Wie kann man nun beide Seiten besänftigen? Die beste Lösung wäre natürlich, generell die Wahrscheinlichkeit eines Hundeangriffes so gering wie möglich zu halten.
Hier sollten die Ämter stärker eingreifen. Die bisherigen Verordnungen genügen noch lange nicht. Auf Bundesebene wird lediglich die Hundeverbringung und Einfuhrbeschränkung geregelt und die Tierschutz-Hundeverordnung aufgeführt. Genauere Regelungen in Bezug auf Kampfhunde entscheiden die Länder. In Bayern gibt es beispielsweise nur eine Verordnung über Hunde mit gesteigerter Aggressivität und Gefährlichkeit. Hier werden die Rassen aufgelistet, bei denen die Eigenschaft des Kampfhundes vermutet wird. Die Erlaubnis, ob jemand einen "Kampfhund" halten darf, gibt das jeweilige Ordnungsamt der Gemeinde. Die wird jedoch nur unter äußerst engen Voraussetzungen erteilt. Der Halter muss ein berechtigtes Interesse nachweisen, gegen seine Zuverlässigkeit dürfen keine Bedenken bestehen und es dürfen keine Gefahren für Leben, Gesundheit, Eigentum oder Besitz drohen. Um diese Erlaubnis zu umgehen, kann bei Hunden der Kategorie II (z.B. Alano, American Bulldog, Bullmastiff, Bullterrier, Cane Corso) ein Negativzeugnis erworben werden. Hierzu muss durch ein Sachverständigengutachten nachgewiesen werden, dass das Tier keine gesteigerte Aggressivität und Gefährlichkeit aufweist.

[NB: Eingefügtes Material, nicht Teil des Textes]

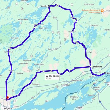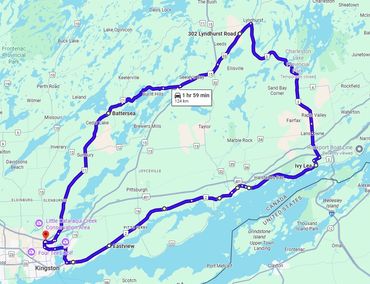 Our 1000 Island cruses will run on Tuesday and Thursday and each day there will be 4 runs of 10 cars (to keep the run size manageable). These runs converge all at once at the boat dock. That's 40 cars and a little under 80 people meeting to take the cruise and have lunch (all included in the cost). Each day there will be two routes. On route A (this one) 10 cars (A-1) will leave going clockwise around the route and 10 cars (A-2) will leave going counterclockwise.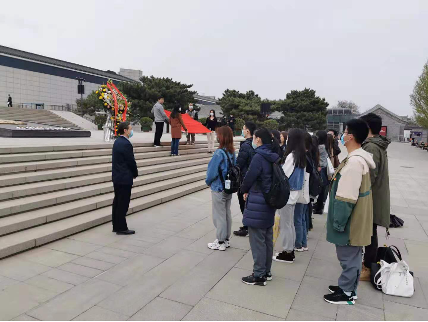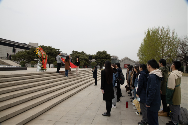 随后,在中国人民抗日战争纪念馆副馆长董立新和外国语学院院友吕曦的带领下,师生来到抗战馆进行实地学习。清明时节寄哀思,在董馆长的指引下,师生在独立自由勋章雕塑前向先烈默哀致敬。董馆长表示,在建党一百年的关键历史节点,我们当代中华儿女应当“缅怀英烈志 奋进新征程 ”, 在缅怀先烈、寄托哀思的同时,更应当砥砺奋进,在新的一百年中创造新的辉煌。
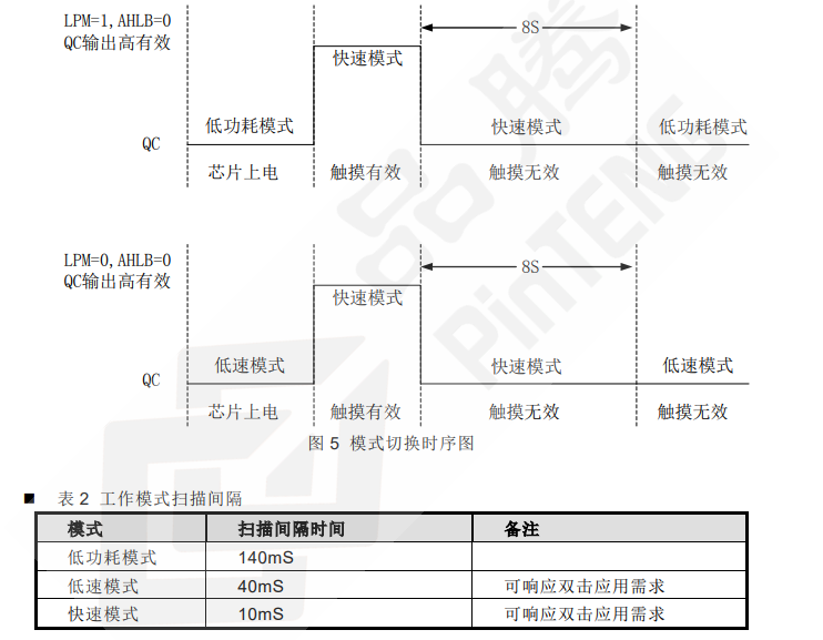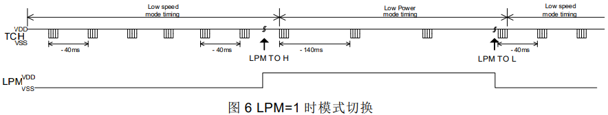 PT2051A 在低速模式下運(yùn)行,可實(shí)時(shí)響應(yīng)雙擊觸摸。在此模式下偵測(cè)到 LPM 拉高后會(huì)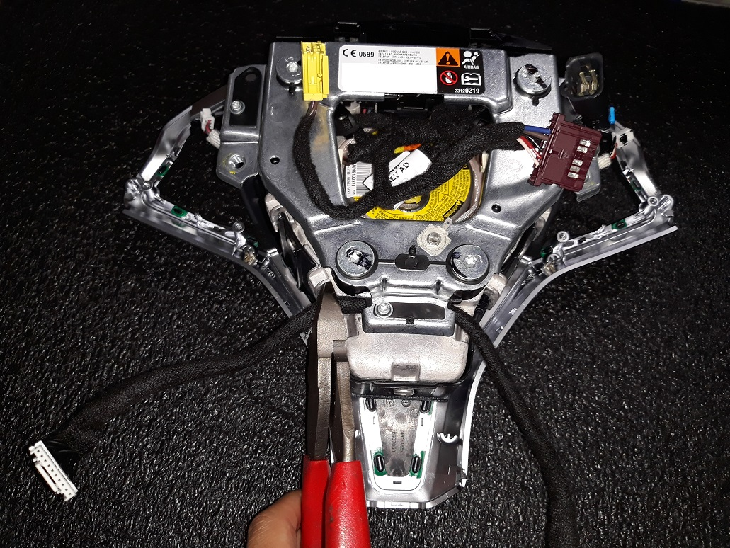 Cut through the control switch harness, and then remove the harness from driver's air bag module.

Es gibt jedoch keine Regelungen, die vorschreiben, dass diese Kampfhunde mit ihrem Halter regelmäßig kontrolliert werden. Eine jährliche Prüfung, die einen Wesenstest enthält und ein Hausbesuch bei dem Halter durch das Veterinäramt würden die Zahl solcher Unglücke mindern. Aber bis das Rechtssystem solche Lösungen einräumt, werden noch viele Menschen gebissen und einige Hunde eingeschläfert werden müssen.